As you can see, I am pretty stoked about how things are going so far.
The Bad?
Sure. There are some bad side effects, but nothing what I expected.
- I have to pee all the time. Part of this is probably because I am drinking 2 liters or more of water a day. Part of it is also my body trying to process out the drug.
- If I don’t drink enough water, I get a headache at night. This has happened twice, both times I did not drink quite as much water as the other days. The headache went away when I drank more water.

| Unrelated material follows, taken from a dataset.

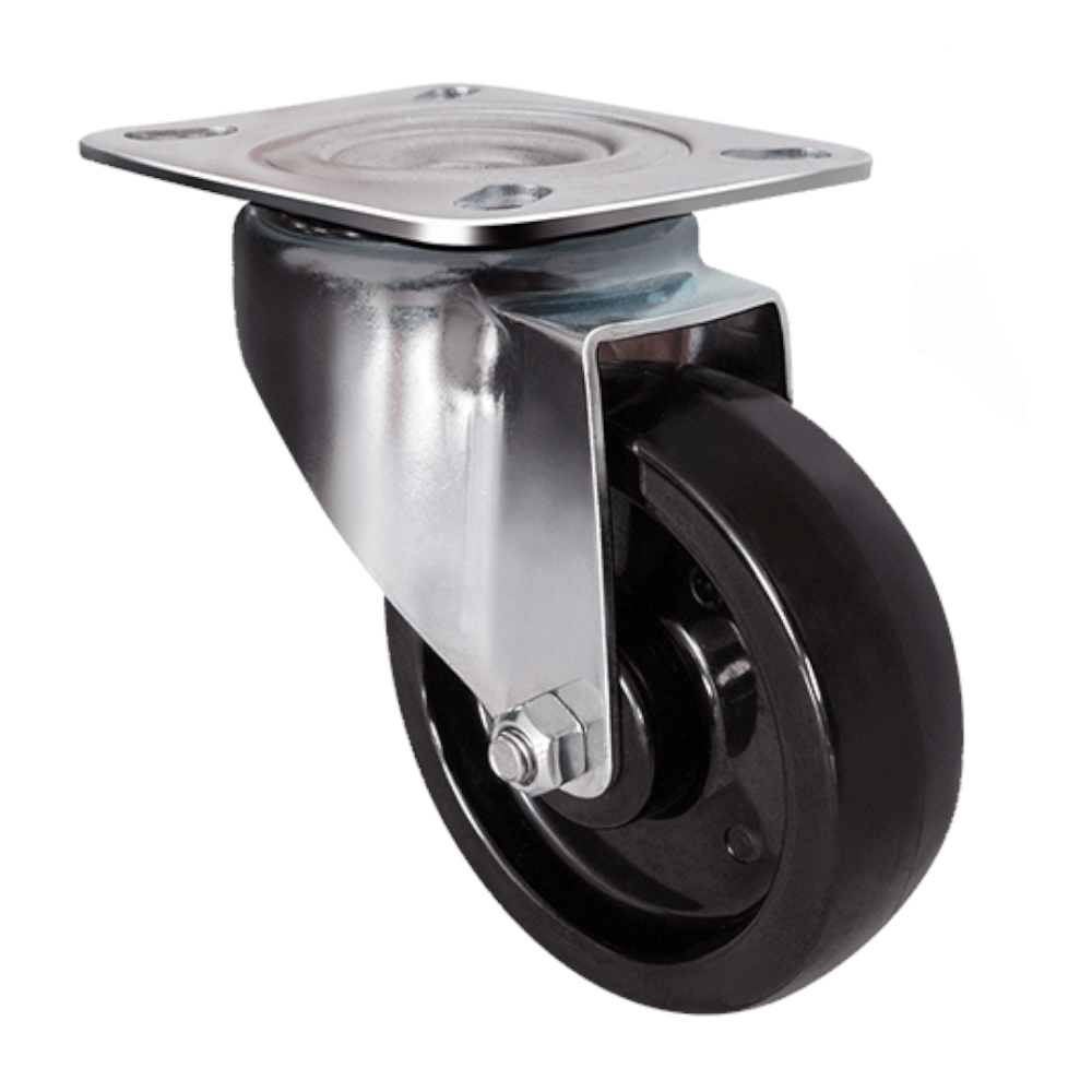 Колесо имеет увеличенную износостойкость за счет минимального трения при движении. Основой конструкции является подшипник скольжения, заполненный термопастой. Поворотный механизм с платформой изготовлен из стали с двойным оцинкованным слоем. Движущаяся часть представляет собой цельнолитую конструкцию из специального полимера – фенолпласта, сочетающего в себе прочность и пластичность.

- I’ve had a couple of intense rushes that felt overwhelming. About an hour or two after I take my morning pill, there was a sensation like coming up on ecstasy, where I thought I might puke and my body was buzzing. But it passed both times, and I think my body is adjusting to the meds so it is less intense now.
Where do I go from here?
My friend pointed out that meds are just a band aid and I should take this time to process my actual depression. I have a feeling that I might be one of the ones who has endogenous depression as opposed to depression caused by environmental factors. But there are definitely factors that are making it worse- and I do need to take the time to face those issues and do what I can to fix them. I’ve started some hard discussions with Nikola, and I feel like that is a step in the right direction. A friend also introduced me to tantra and I think that may be something for me to focus on right now.
As far as the meds, I have a check-in after 20 days. Then we will make a plan for what will help- how long I should be on the meds, what I should do while on them, and whether I will need therapy.
Right now, though? I am feeling very optimistic.